Note: Little's Law is a simple equation to calculate. However, it may also be relatively simple to base the calculation on an incorrect assumption. |
You can also use information about the number of simultaneously logged in users to construct a poisson distribution of the estimated number of concurrent users. A poisson distribution is often used as a model for the number of events, such as the number of telephone calls at a business or the number of accidents at an intersection, in a specific time period.
The following are input parameters for a poisson distribution of concurrent users:
The total number of users who may be logged in during peak hours.
The time period for critical usage.
The estimated duration of a user session.
Information on calculating a poisson distribution is readily available on the Web and in textbooks and will not be covered further in this chapter.
Note: Keep in mind that although a complex analysis may help you feel more confident about system requirements estimates, there may be a number of unpredictable elements on your network that interfere with the accuracy of your estimates. As a result, using the simpler guidelines and recommendations in this chapter may, in fact, be the most efficient method for estimating peak usage. |
A standard Oracle Access Manager deployment consists of several instances of various components installed for different purposes:
Development and Test
This is an area where you configure and test a fully deployable system. On a development or test server, a smaller amount of RAM may be required. For development and test systems, you can run the Web server on the same system as the Identity Server, assuming that only a small development team is using the machines rather than the whole user population.
Staging
This is an area where new application rollouts, software upgrades, and performance benchmarking can be performed without affecting your production and development environments. This environment can closely resemble the production environment, though it may be a scaled down image of it. For instance, a smaller amount of RAM may be used.
Production
This is an area where your end users can access the deployed system. Oracle recommends you use a replicated directory and Oracle Access Manager's native load-balancing features. You may also want to configure the Oracle Access Manager Servers for failover and load balancing and have separate machines for your Web servers. As an alternative, you can install multiple Web server instances on a single machine.

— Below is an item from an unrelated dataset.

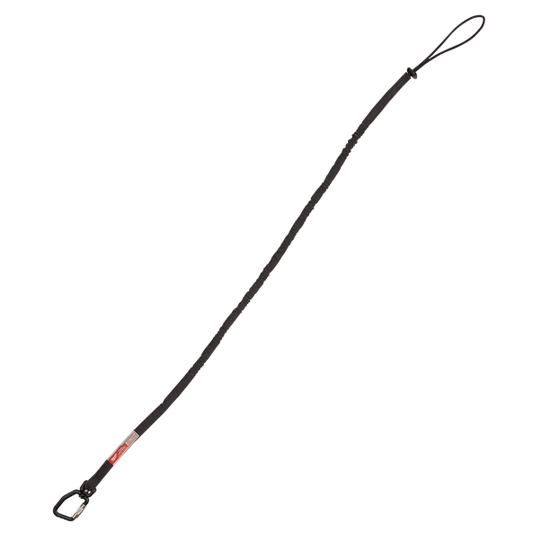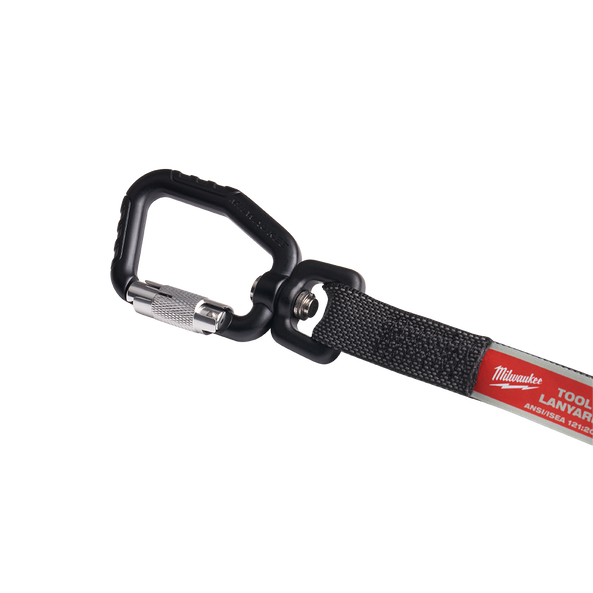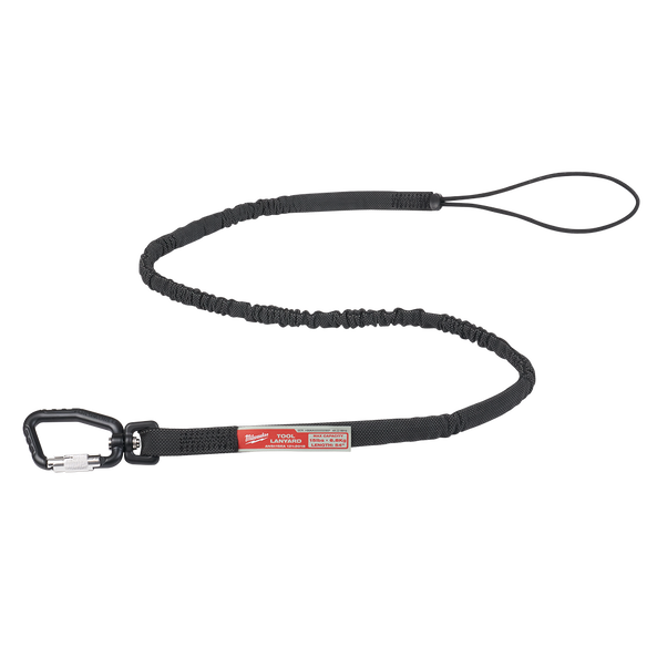 El cuerpo del cordón está diseñado para proporcionar la mejor absorción de impactos, desacelerando la herramienta gradualmente si ocurre una caída. Los mosquetones con bloqueo requieren doble acción para abrirse, lo que garantiza una conexión segura.
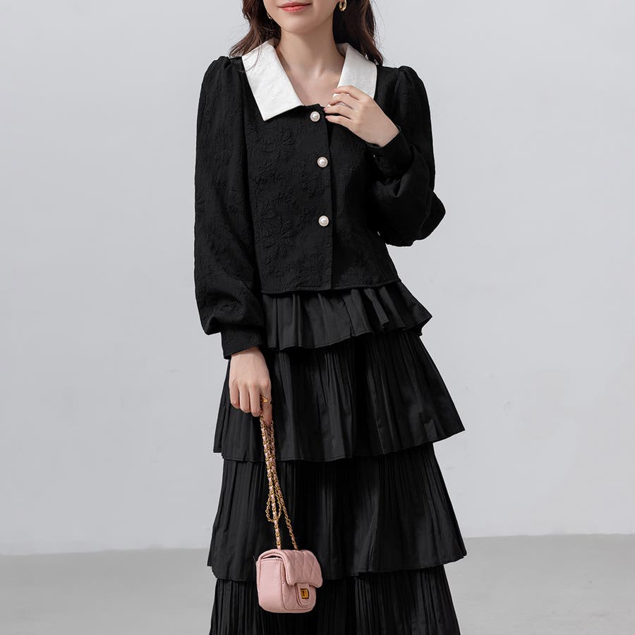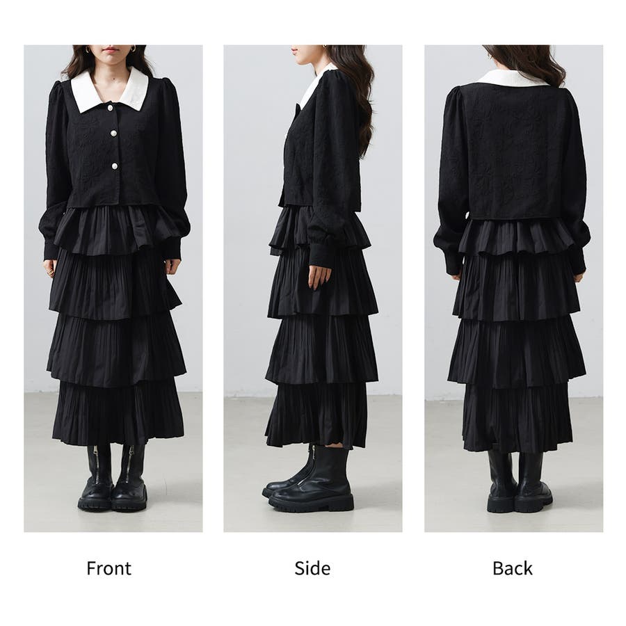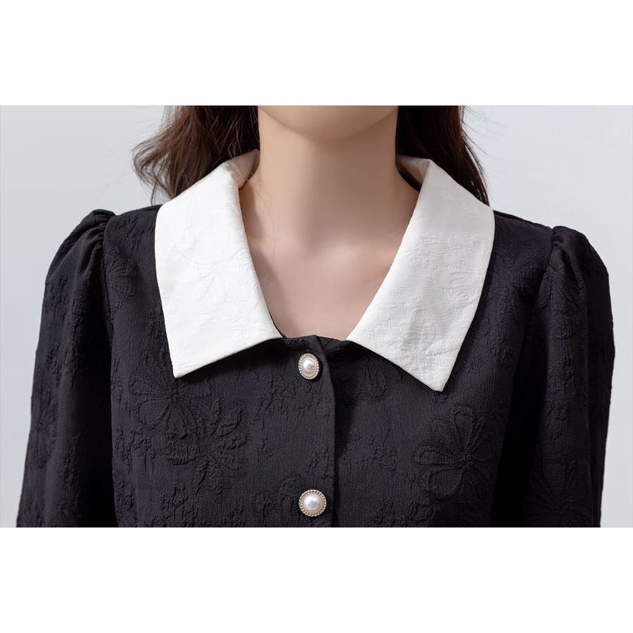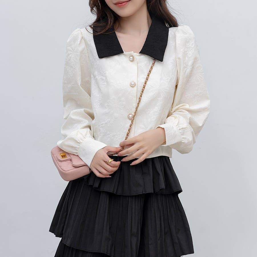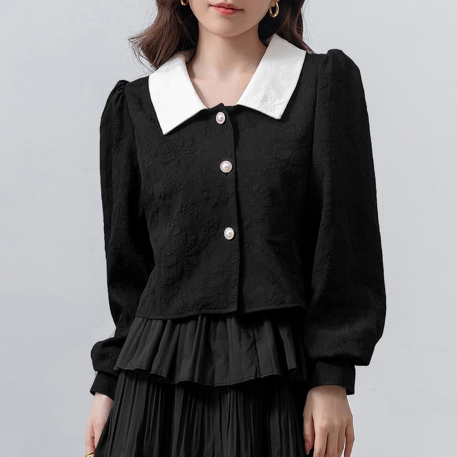 花柄のエンボス加工生地とパール調のボタンで華やかさをプラス。

The following diagram Figure 1-1 illustrates hardware and software choices in an actual mid-sized (10,000-20,000 user) deployment. Using a poisson distribution, the estimated concurrency was predicted to be 74 users, with a 0.01% probability of having 100 or more users.:
For the production environment:
The servers are running Windows and Active Directory, IIS, and Oracle Access Manager.
Each server has two CPUs and 2 GB of RAM, and about 10 GB of disk space.
There are two Identity Servers running on different machines.
Multiple WebPass instances are installed in several intranet IIS servers, with at least one server acting as the administration console for the Identity System.
There are two Access Servers running on different machines.
There is one WebGate installed on each IIS intranet server.
The administrative console for the Access System is installed on an IIS server on one of the two Access and Identity Server boxes.
This environment could be scaled as follows:
The number of Oracle Access Manager Servers can be increased to spread the load and offer higher redundancy.
The number of CPUs, memory, and disk space can be increased to improve server performance.
The Active Directory environment supports the addition of new servers for cases where this is desired to improve performance and reliability.